Carter Y M, Jia C X, Soto P F, Starr J P, Rabkin D G, Hsu D T, Fisher P E, Spotnitz H M
Department of Surgery, Columbia University College of Physicians & Surgeons, New York, New York 10032, USA.
J Heart Lung Transplant. 1998 Feb;17(2):140-9.
Although myocardial edema is known to impair diastolic filling of the left ventricle, the interrelation of edema, histologic condition, and function has not been quantitated sufficiently for extrapolation to studies of multifactorial influences on diastolic properties.
Accordingly, ACI rat hearts arrested at 4 degrees C underwent coronary artery perfusion with a cardioplegia solution that was either unaltered (288 mOsm/L, P288 group, n = 6), diluted (144 mOsm/L, P144 group, n = 6), or concentrated (380 mOsm/L, P380 group, n = 6). Postmortem left ventricular pressure-volume curves and myocardial water content were measured. Myocardial samples were fixed in varying dilutions of glutaraldehyde. After dehydration and paraffin embedding, edema was graded subjectively (0 to 5), and myocardial interstitial spaces were determined by use of a semiquantitative method.
Mean normalized left ventricular filling volume at 20 mm Hg filling pressure in the P144 group, 189 +/- 16 microliters (SEM), was reduced versus both the P288 (278 +/- 26 microliters) and the P380 (332 +/- 18 microliters) groups (p < 0.05, ANOVA).
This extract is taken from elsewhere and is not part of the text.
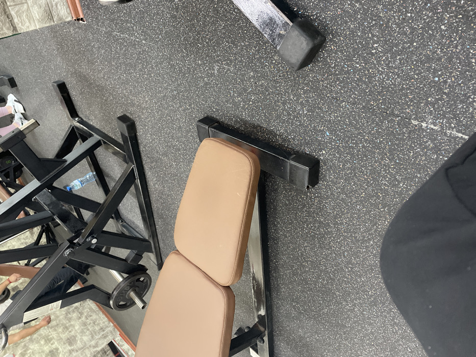 The scene depicts the interior of a gymnasium located in Cherven Bryag, Bulgaria. The floor is covered with dark, speckled rubber athletic flooring. In the immediate foreground, the upper thighs of a person wearing black athletic pants are visible, indicating the viewer's perspective is from a seated position. A two-segment, adjustable exercise bench with tan upholstered pads and a black metal frame is positioned centrally in the midground. Behind the bench, a large black metal resistance training machine, likely a leg press, is visible, with a black weight plate affixed to its loading pin. A clear plastic water bottle with a blue cap is on the floor beneath the frame of this machine. In the background, partial views of other gym equipment, including chrome and black frames, are discernible. Human legs and feet are visible in the background; one individual wears white sneakers with pink accents, and another appears to be barefoot or in dark socks near a textured, light-colored wall with a faux-stone pattern on the left. No explicit actions or interactions are captured beyond the presence of individuals and equipment in a gym setting.

Mean myocardial water content in the P144 group, 80.7% +/- 1%, was increased versus the P380 (76.7% +/- 0.4%, p < 0.05) but not versus the P288 group (78.4% +/- 0.8%). In hearts preserved with 2.5% glutaraldehyde, mean edema grade and interstitial space in the P144 group (4.0 +/- 0.3) were increased versus the P380 (1.8 +/- 0.3, p < 0.05) but not the P288 group (2.7 +/- 0.5). Derived linear regressions relate water content to filling volume and histologic condition.
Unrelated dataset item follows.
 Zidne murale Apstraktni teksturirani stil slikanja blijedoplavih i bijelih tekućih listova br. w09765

Coronary perfusate osmolarity is thus associated with predictable changes in myocardial water content, left ventricular filling volume, and edema. These correlations allow definition of new hypotheses for the study of cardiac allograft rejection in patients and experimental animals.
尽管已知心肌水肿会损害左心室的舒张充盈,但水肿、组织学状况和功能之间的相互关系尚未得到充分量化,无法外推至对舒张特性的多因素影响研究。
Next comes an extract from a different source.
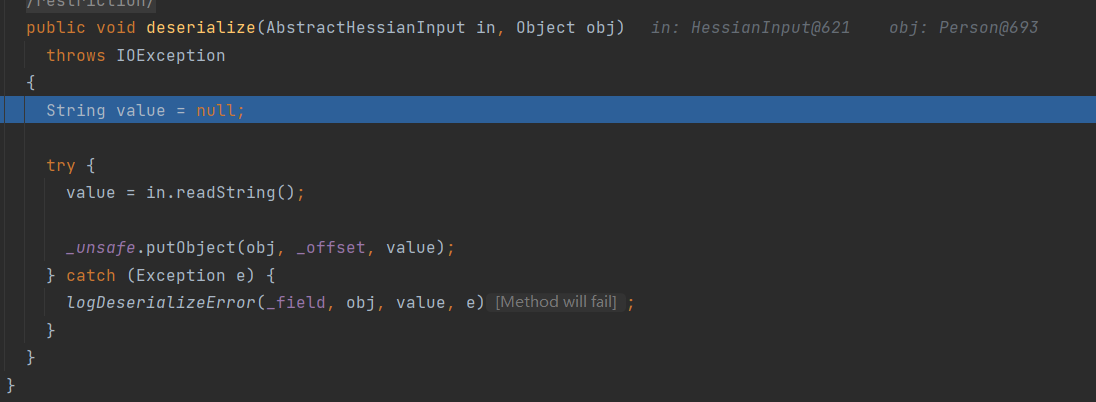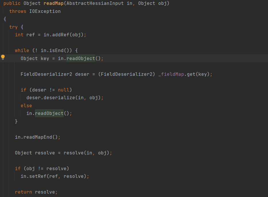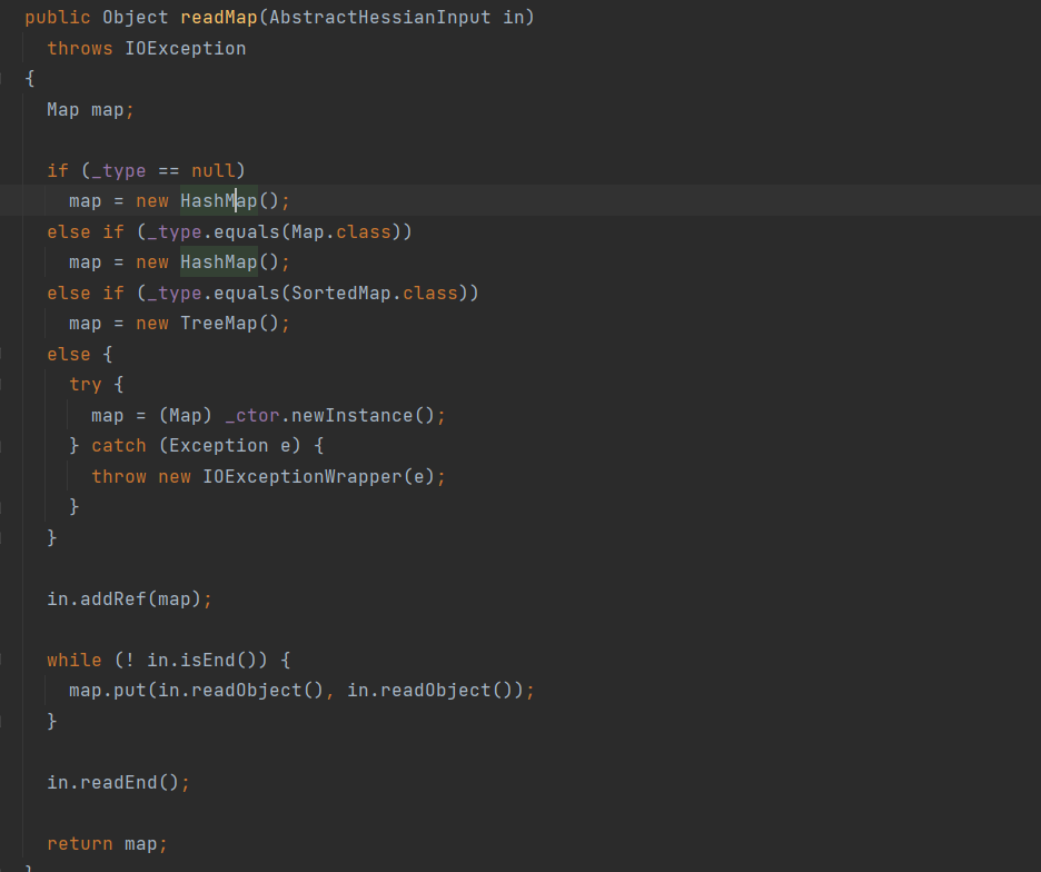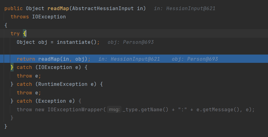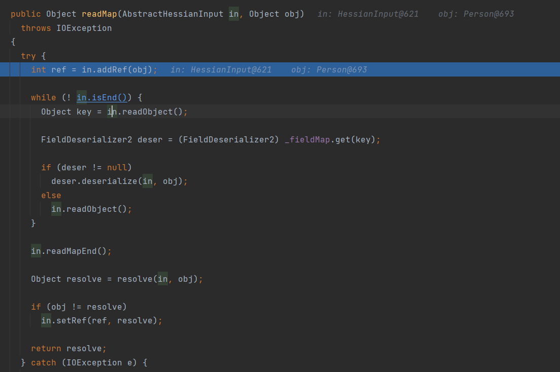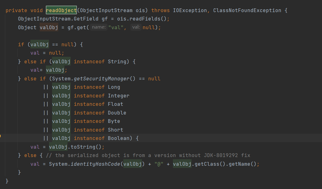 HashMap<Object,Object> hashMap = new HashMap<>(); hashMap.put(equalsBean,"123"); setValue(toStringBean,"_obj",jdbcRowSet); serialize(hashMap); unserialize("ser.bin"); }

因此,将4℃停跳的急性心肌梗死(ACI)大鼠心脏用未改变的(288 mOsm/L,P288组,n = 6)、稀释的(144 mOsm/L,P144组,n = 6)或浓缩的(380 mOsm/L,P380组,n = 6)心脏停搏液进行冠状动脉灌注。测量死后左心室压力-容积曲线和心肌含水量。心肌样本用不同稀释度的戊二醛固定。脱水和石蜡包埋后,主观对水肿进行分级(0至5级),并使用半定量方法测定心肌间质间隙。
P144组在20 mmHg充盈压下的平均标准化左心室充盈容积为189±16微升(SEM),与P288组(278±26微升)和P380组(332±18微升)相比均降低(p < 0.05,方差分析)。P144组的平均心肌含水量为80.7%±1%,与P380组(76.7%±0.4%,p < 0.05)相比增加,但与P288组(78.4%±0.8%)相比无差异。在用2.5%戊二醛保存的心脏中,P144组的平均水肿分级和间质间隙(4.0±0.3)与P380组(1.8±0.3,p < 0.05)相比增加,但与P288组(2.7±0.5)相比无差异。得出的线性回归将含水量与充盈容积和组织学状况相关联。
冠状动脉灌注液渗透压因此与心肌含水量、左心室充盈容积和水肿的可预测变化相关。这些相关性为研究患者和实验动物的心脏移植排斥反应定义了新的假设。